Cynthia Hall, president of the Girls' Schools Association, this week denied claims that private schools were prepared to flout new European Union legislation banning compulsory retirement at 60. But, speaking before the GSA's annual conference at Alton Towers next week, she insisted all schools must be properly prepared for the 2006 law change.
"There has not been any indication that schools are contacting their lawyers to find out how they can fight it," she said. But she added: "If teachers want to carry on working, potentially into their 70s, it is going to put a much greater emphasis on performance review.
"Heads must be prepared for the possibility that they could have a very well-respected member of staff who wants to carry on working beyond the stage when their performance is acceptable."
Currently most private schools require staff to quit at 60, unlike the state sector where they can work until 65. The Association of Teachers and Lecturers claimed that six schools had already told staff they would fight the forthcoming legislation.
This week The TES spoke to one 59-year-old teacher who is facing forced retirement at the end of this academic year, even though she wants to work on.
The science teacher, employed at a leading boys' school in the North, said:
"As it stands the situation is unacceptable. Sixty is not a magic age where all of a sudden you become too tired to work. Many teachers want to work on to improve their pension but find their path blocked.
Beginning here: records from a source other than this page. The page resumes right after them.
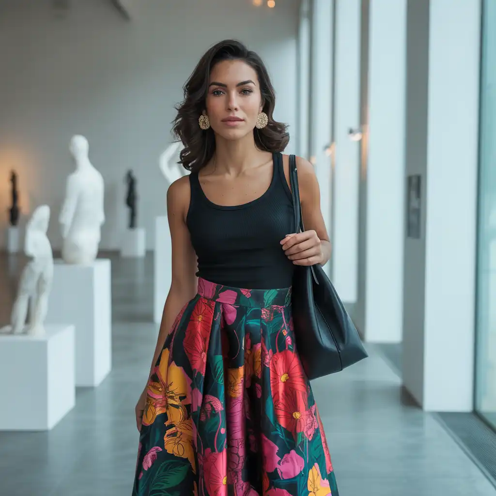 Printed skirts look stylish with bold stud earrings. The balance between patterns and accessories creates harmony. This outfit works well for casual outings and shopping days. Pair with simple tops to keep the look clean.
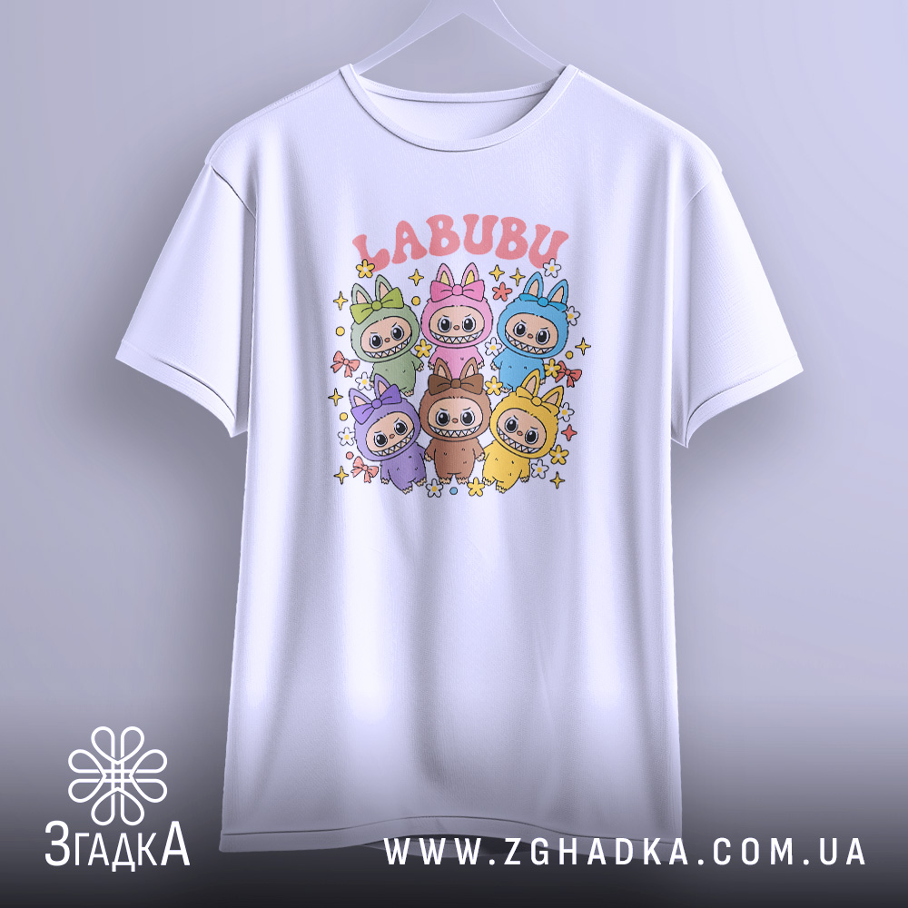 Футболка labubu – це не просто одяг, а вираження вашого стилю та настрою. Принт на футболці символізує креативність та позитив, що робить її ідеальним вибором для творчих особистостей.
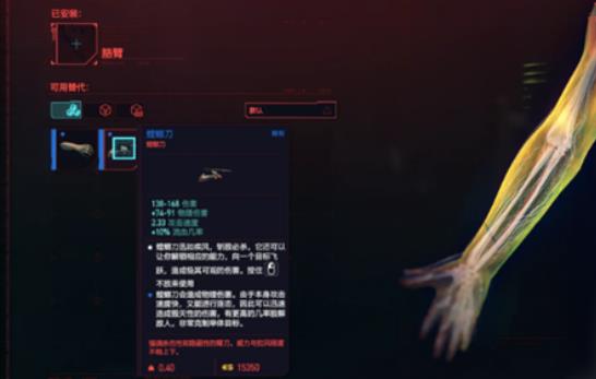 需要注意的是,螳螂刀并不算在武器分类,而是安装在手臂的义体。因此在武器店你是无法购买的,需要去义体医生那里进行购买与装备。
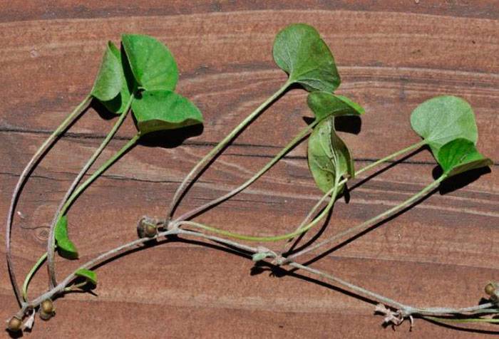 Растението дихондра получи името си заради специалната структура на плодовете. Те съдържат две зърна. Издънките каскадират надолу, за да създадат красив визуален ефект.
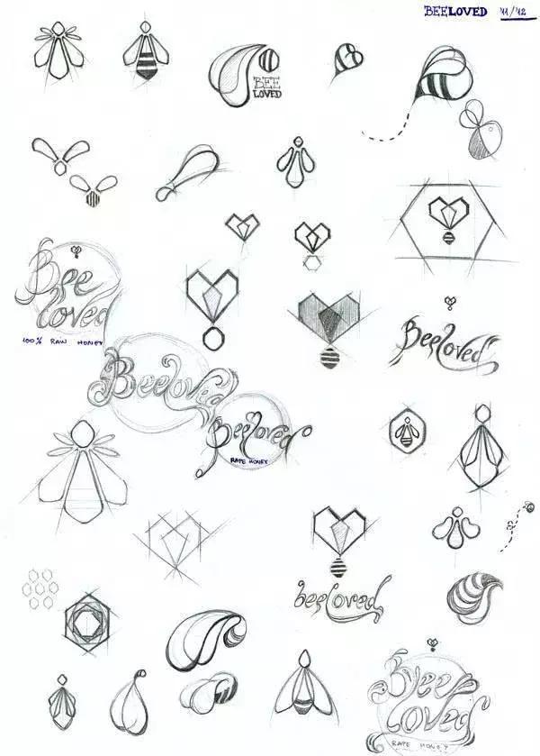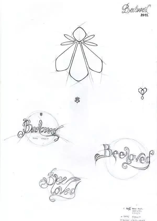 標(biāo)志設(shè)計與字體設(shè)計手稿,筆峰處的打磨最能體現(xiàn)設(shè)計靈光的閃現(xiàn)。
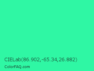 CIELab 86.902,-65.34,26.882 Color is a normal green color and the nearest color is Eucalyptus #44d7a8. Hex code #2ff7a4 and RGB value is rgb(47,247,164). In RGB color space, this color is composed of 18% red, 97% green, 64% blue, In CMYK color space, this color is composed of 81% cyan, 0% magenta, 34% yellow , 3% black , In HSL color space, this color has a hue angle of 155° , 93% saturation and 58% lightness.
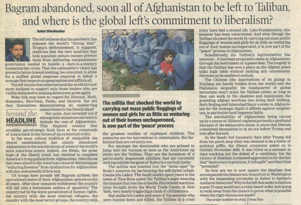 Read MoreBagram abandoned, soon all of Afghanistan to be left to Taliban, and where is the global left’s commitment to liberalism?
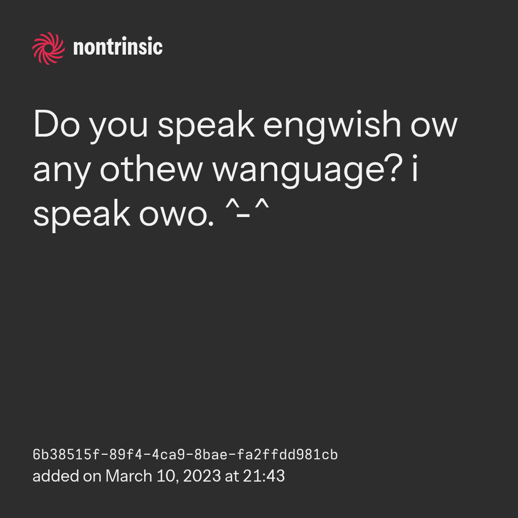 bagikanDo you speak engwish ow any othew wanguage? i speak owo. ^-^
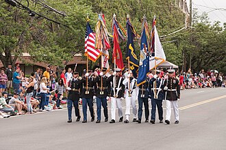 A United States Armed Forces Joint-Service Color Guard. This color guard consists of personnel from 5 of the 6 military branches of the United States Armed Forces (Army, Marines, Air Force, Navy, and Coast Guard).
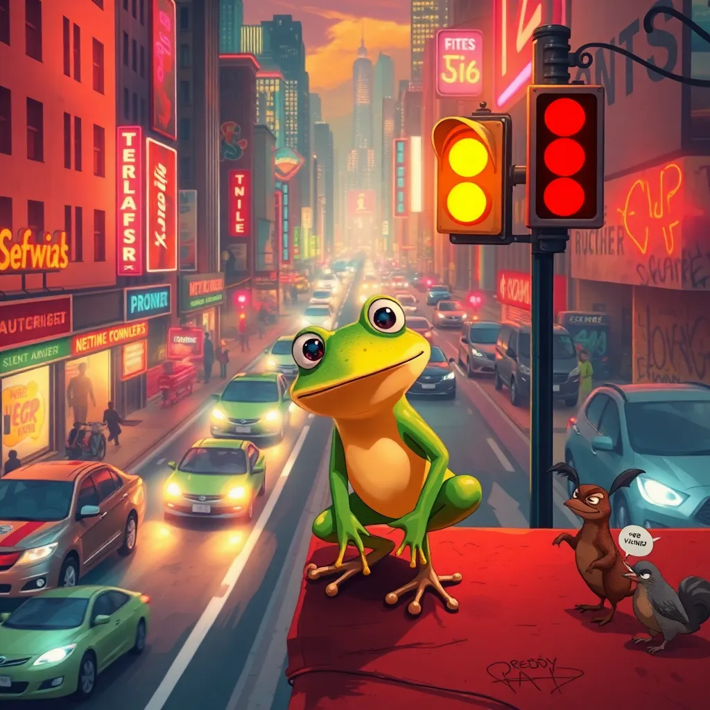 In 'Frogger's Last Hop', you play as Freddie, an ambitious amphibian who dreams of crossing the most treacherous road in the city to reach the legendary hidden pond filled with glittering lily pads. As you navigate through chaotic traffic, you'll encounter quirky characters including a neurotic squirrel, wisecracking pigeons, and a traffic light that has seen better days. Each decision you make influences Freddie's fate as he hops through nail-biting situations filled with witty dialogue and unexpected obstacles. Will you make it to the pond of your dreams, or will you become roadkill? Choose wisely, for life and death depend on your judgment!
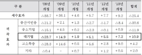 위 도표의 수치는 2008년 이후 세법개정의 세수효과에 대하여 5년간 누적해서 2014년 10월 기준으로 산출한 것이다.

Yes, you can work on in the state sector, but starting at a new school aged 60 is a challenge most people will not be able to face."
Teaching union members are due to lobby their MPs on Tuesday to fight plans to extend their pensionable age to 65. The National Association of Schoolmasters Union of Women Teachers, National Union of Teachers and ATL will be among the Trade Union Congress unions who will be campaigning in Westminster against the change, which will affect new teachers from 2006 and existing teachers from 2013.